Still, these moves appear to be a part of a growing conscious attempt on Hollywood's part to make an effort to acknowledge and embrace a community that they have either denigrated or ignored for several decades. While in recent years there has been widespread coverage of the gender and racial gap when it comes to quality roles in Hollywood, many have overlooked the fact that the LGBT community has historically fared even worse.
According to a GLAAD study released in May, in the 126 major Hollywood releases last year there were only 22 characters who identified as LGBT. And even worse, the few that did appear were overwhelmingly white men and were more often than not portrayed in an insensitive or unflattering light.

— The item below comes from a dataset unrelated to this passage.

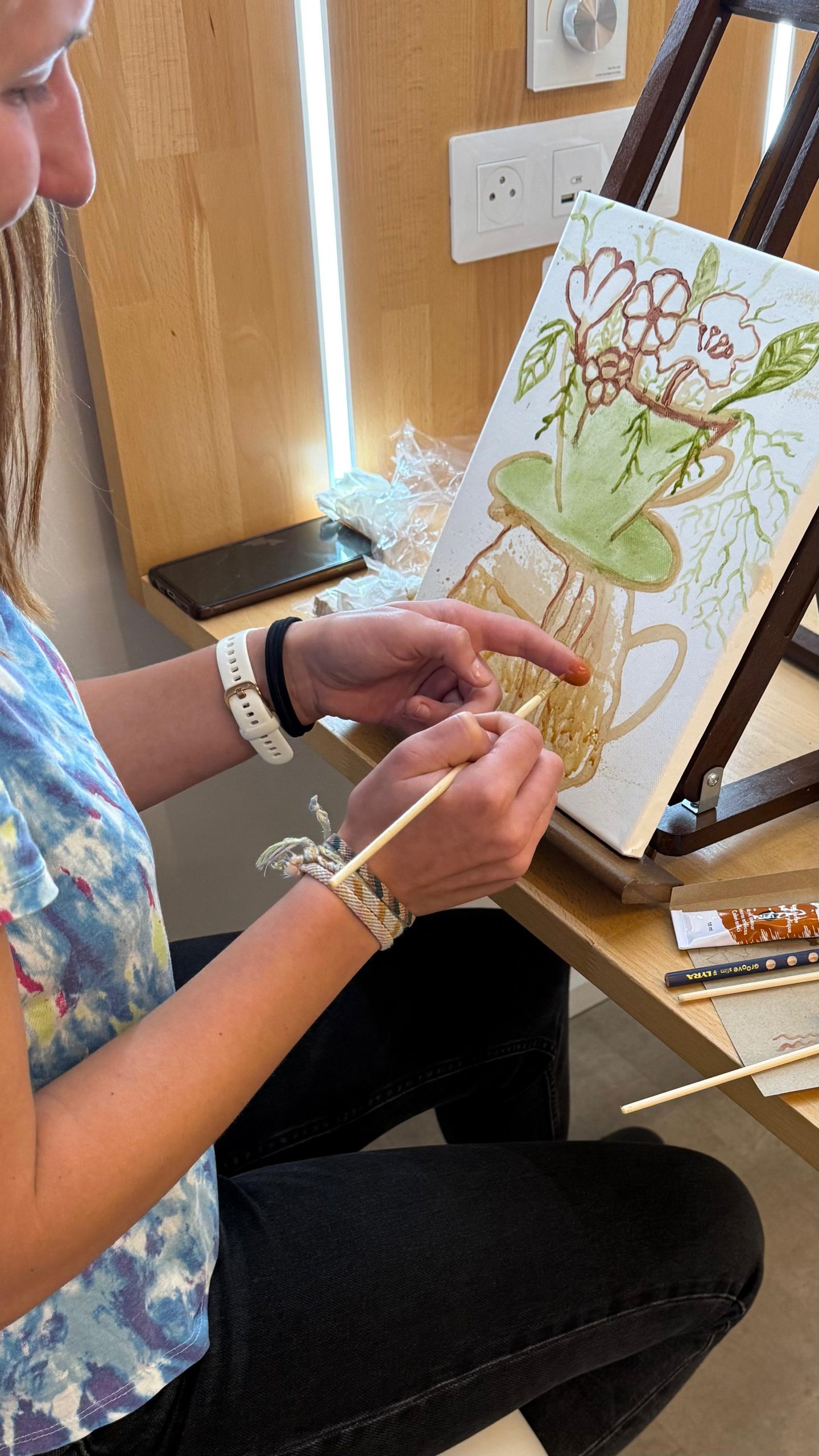 Z kurzu si odnesete jeden vámi malovaný obraz, nové informace o kávě a její chuti a přípravy, fotografie z kurzu a krásný pocit z nový zážitků.

"Hollywood's films lag far behind any other form of media when it comes to portrayals of LGBT characters," said Sarah Kate Ellis, GLAAD's president and CEO, in a statement at the time. "Too often, the few LGBT characters that make it to the big screen are the target of a punchline or token characters. The film industry must embrace new and inclusive stories if it wants to remain competitive and relevant."
But, if the backlash to the all-female "Ghostbusters" or the retroactive outing of "Harry Potter"'s Dumbledore is any indication, using a beloved franchise as a forum for what some allege is social engineering can be a risk. Sometimes the perception that a film is little more than a Trojan Horse for a political agenda can potentially overshadow the commercial appeal of a would-be blockbuster.
Lynne Marie Rosenberg, a veteran actor who curates Cast and Loose -- a Tumblr page that features real-life, offensive and culturally insensitive casting notices -- understands why sometimes reboots don't sit well with audiences, but she also thinks the significance of someone coming out -- even if they are a fictional character, shouldn't be downplayed.
"It's a natural human reaction to be scared of change, even if its something as pedestrian as changing your favorite character from the '70s, '80s or '90s," she told told NBC News on Monday. "[But] it's important because media has the potential to the do the most good, as our country's most ubiquitous export, and currently it's doing the most harm."
While Rosenberg believes that the "entertainment industry is still largely controlled by older white men," the re-imagining of the Sulu character is a significant sign of the growing economic clout of audiences hungry for diversity, and it's in keeping with the "Star Trek" franchise's progressive-minded roots.
"If [Gene Roddenberry] had been here now this is exactly what he would have been doing," she said. "I think we're a culture of image at this point, and for a very, very long time we've only seen pictures of a very specific community. [Audiences] are starting to say, 'I know there are different pictures out there.' You can decide that all you want to see are more white men, or I can see something new."